▽
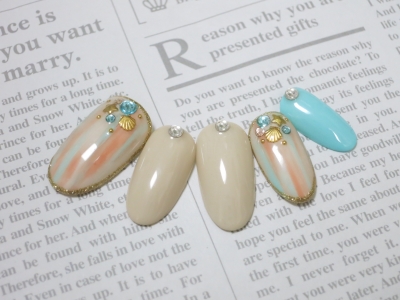 【全面塗り・メインアート2本・他ストーン8粒】
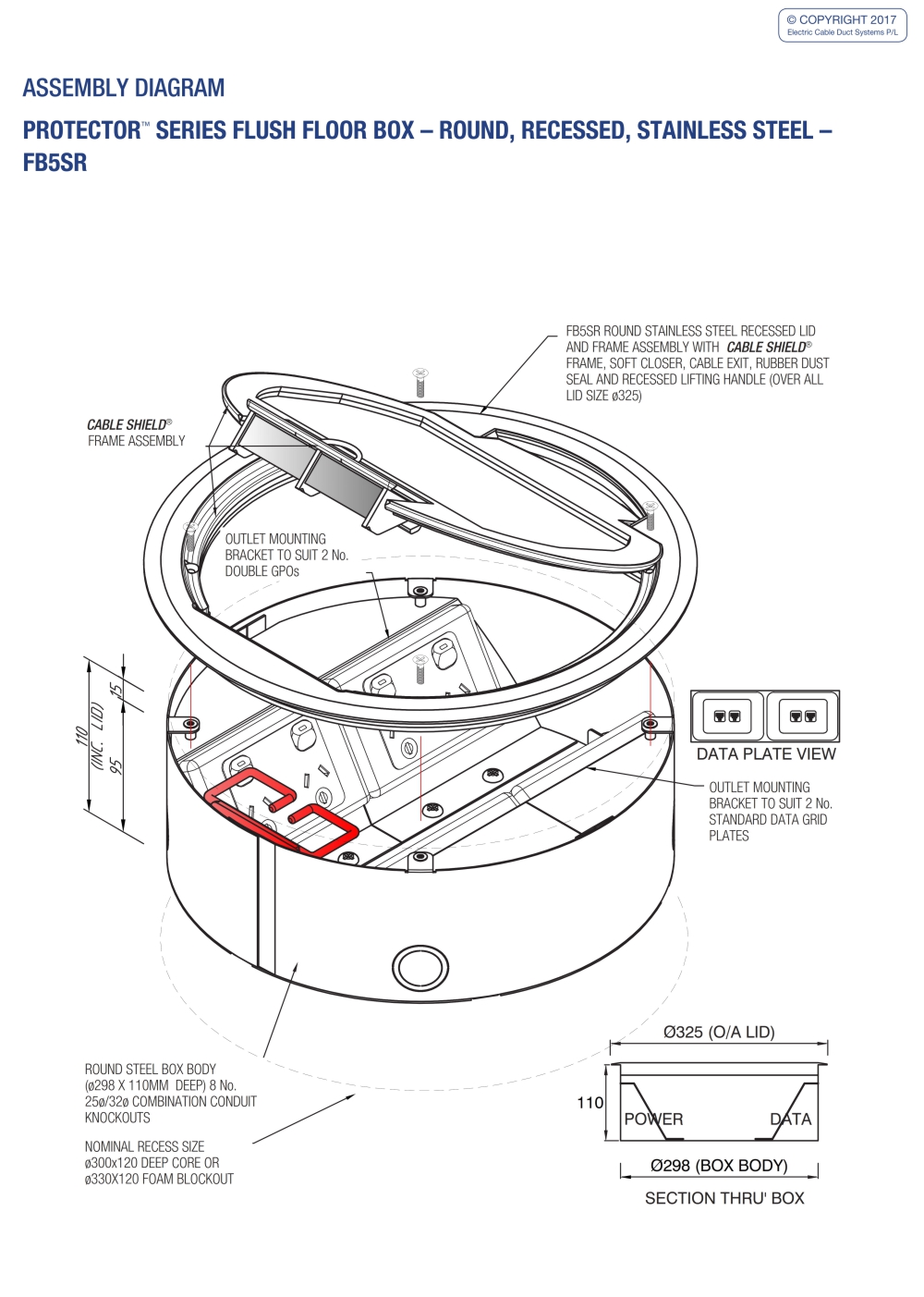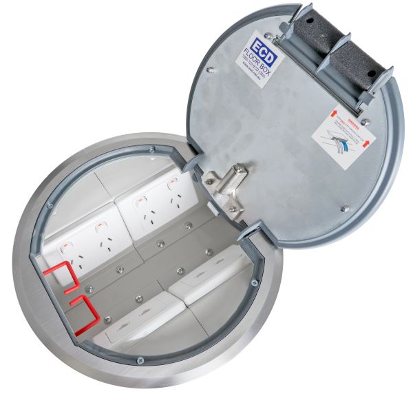 - The circular design of the canister and lid allows this box to be installed into existing concrete slabs. Simply core cut the appropriate size core hole and drop the floor box into position. No need to over cut and scabble square holes.
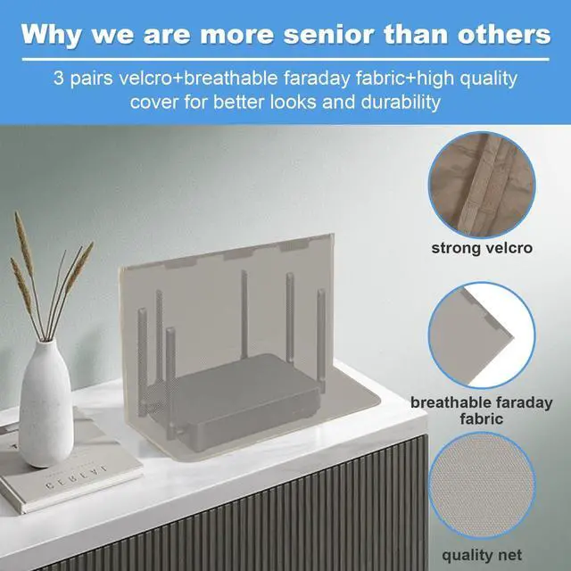 High quality substance The radiation resistant WiFi cover is made of copper/nickel/polyester fiber certified to provide 99.999 % protection in the frequency range of 10KHz to 3GHz and still has over 99.6 % effectiveness at 5.6GH z. This fabric has good conductivity and shielding effect ^^ Large size The router housing size is 14 inche x 15.5 inche Our router's WiFi protective cover is larger in size which means it has higher tolerance for most routers with or without antennas ^^ Friendly design In fact the router cover does a good job in blocking, but it may have some impact on WiFi signals.
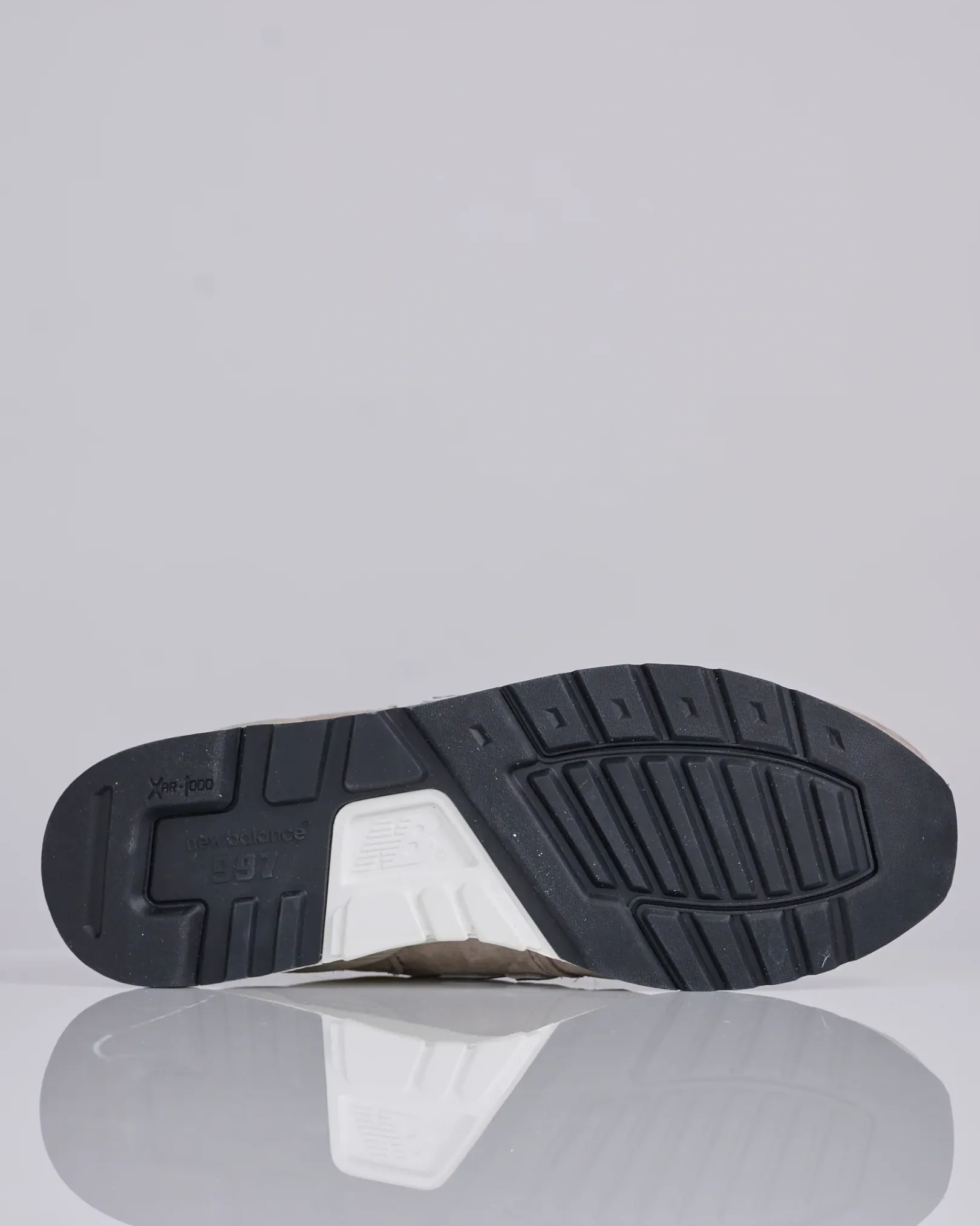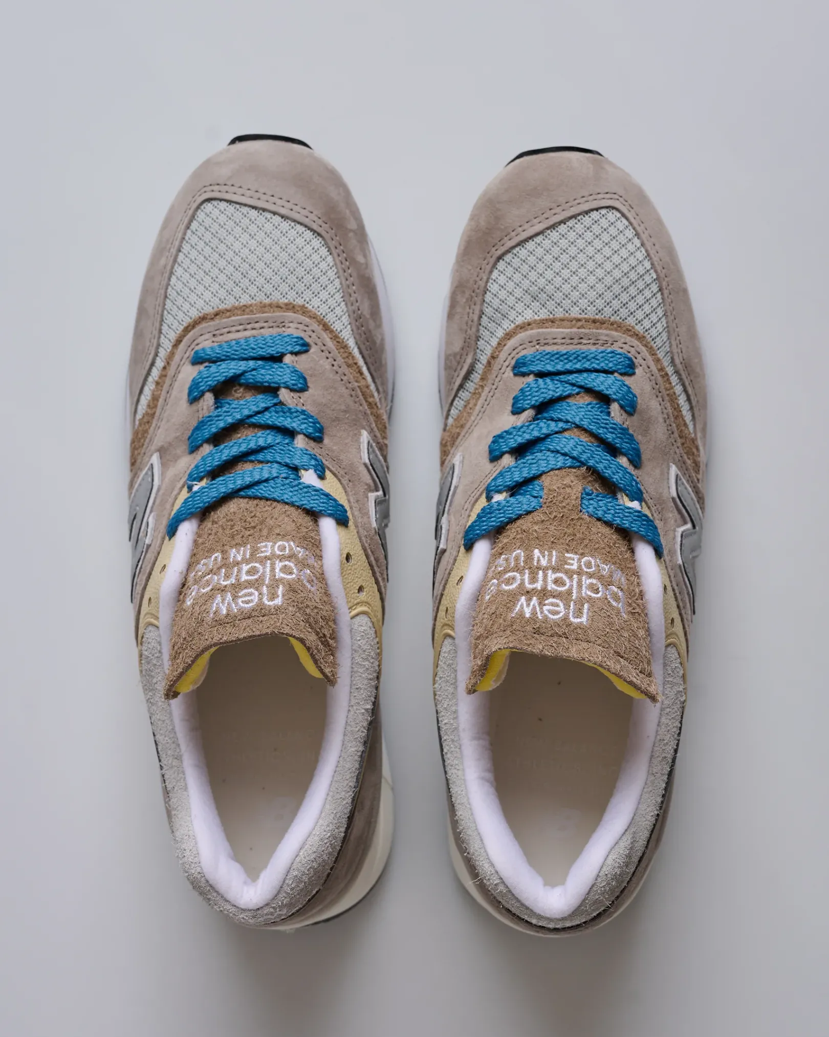 After making its first appearance in the Made in USA Seasonal Collection in Fall/Winter ’24, the iconic 997 returns for Spring/Summer ’25. The classic wedge-shaped silhouette, featuring a distinctive high set heel pad, is outfitted with premium suede, mesh, and hairy suede construction and features a sophisticated neutral palette of light mushroom and mirage grey.
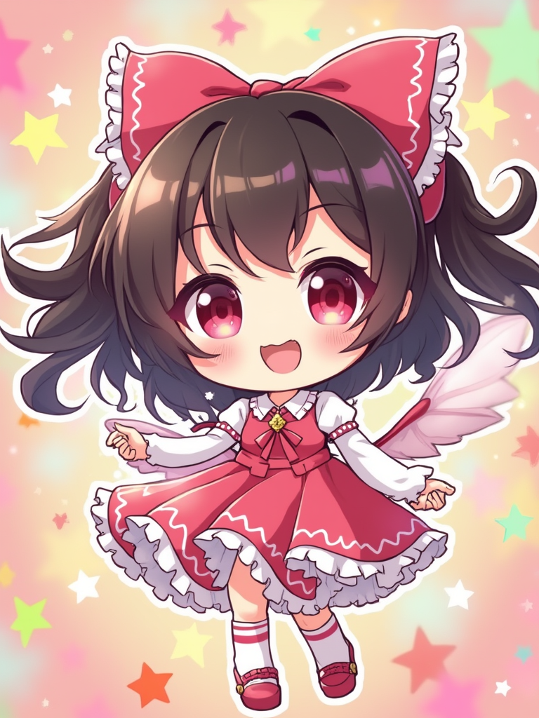 A chibi-style avatar of the model as a cheerful hero, wearing a frilly magical girl dress with oversized bows and sparkling eyes . The background is a colorful burst of stars and hearts. The style is in cute chibi anime illustration.
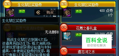 挑战DNF生化禁区模式通过赛利亚右边的NPC安德雷亚进入,每天挑战的前3次有奖励,后面需要购买商城道具才能获得奖励~
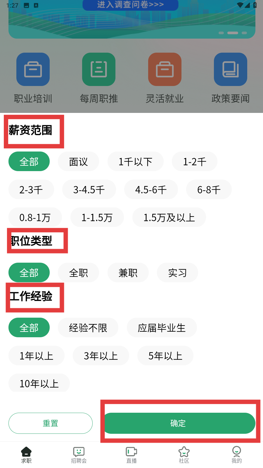 2、进入筛选页面后,选定薪资范围、职位类型、工作经验等筛选条件,再点击“确定”按钮。
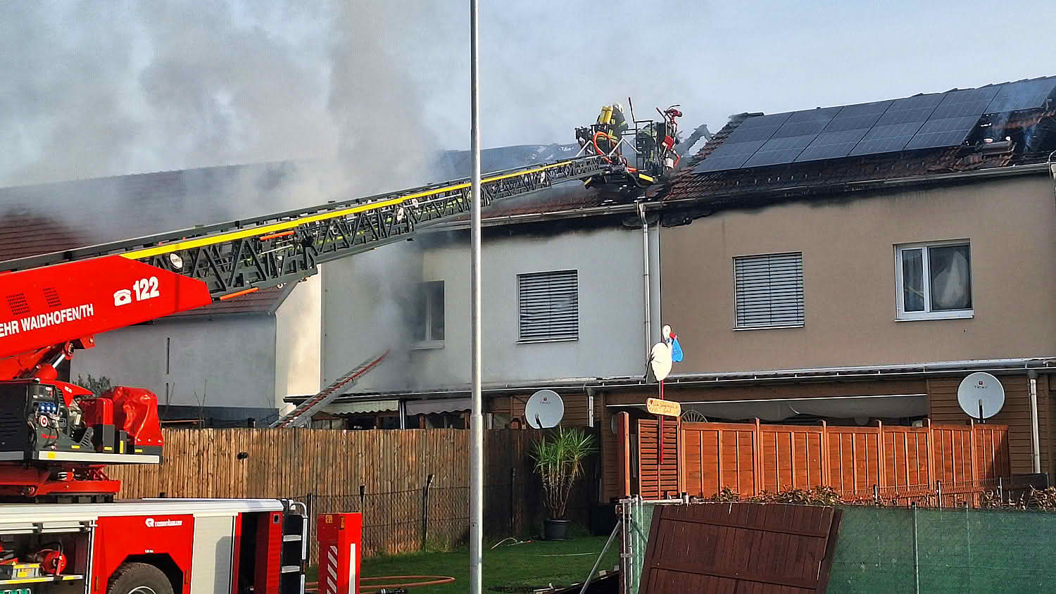 Ein Reihenhaus einer Wohnhausanlage stand beim Eintreffen der Löschmannschaften bereits in Vollbrand, auch das benachbarte Haus stand bereits in Flammen. Die drei Familien – fünf Erwachsene, vier Kinder und ein zwei Monate altes Baby – konnten sich rechtzeitig ins Freie retten. Über den Verbleib von sechs Katzen, welche in der Brandwohnung lebten, herrscht derzeit Ungewissheit.
△
HOW TO COMPLETE THIS TASK: Everything from the first line of the entries through the line that contains "- The circular" is to be reproduced exactly, except the pictures.

EXERCISE RESULT:
 【全面塗り・メインアート2本・他ストーン8粒】
 - The circular design of the canister and lid allows this box to be installed into existing concrete slabs. Simply core cut the appropriate size core hole and drop the floor box into position. No need to over cut and scabble square holes.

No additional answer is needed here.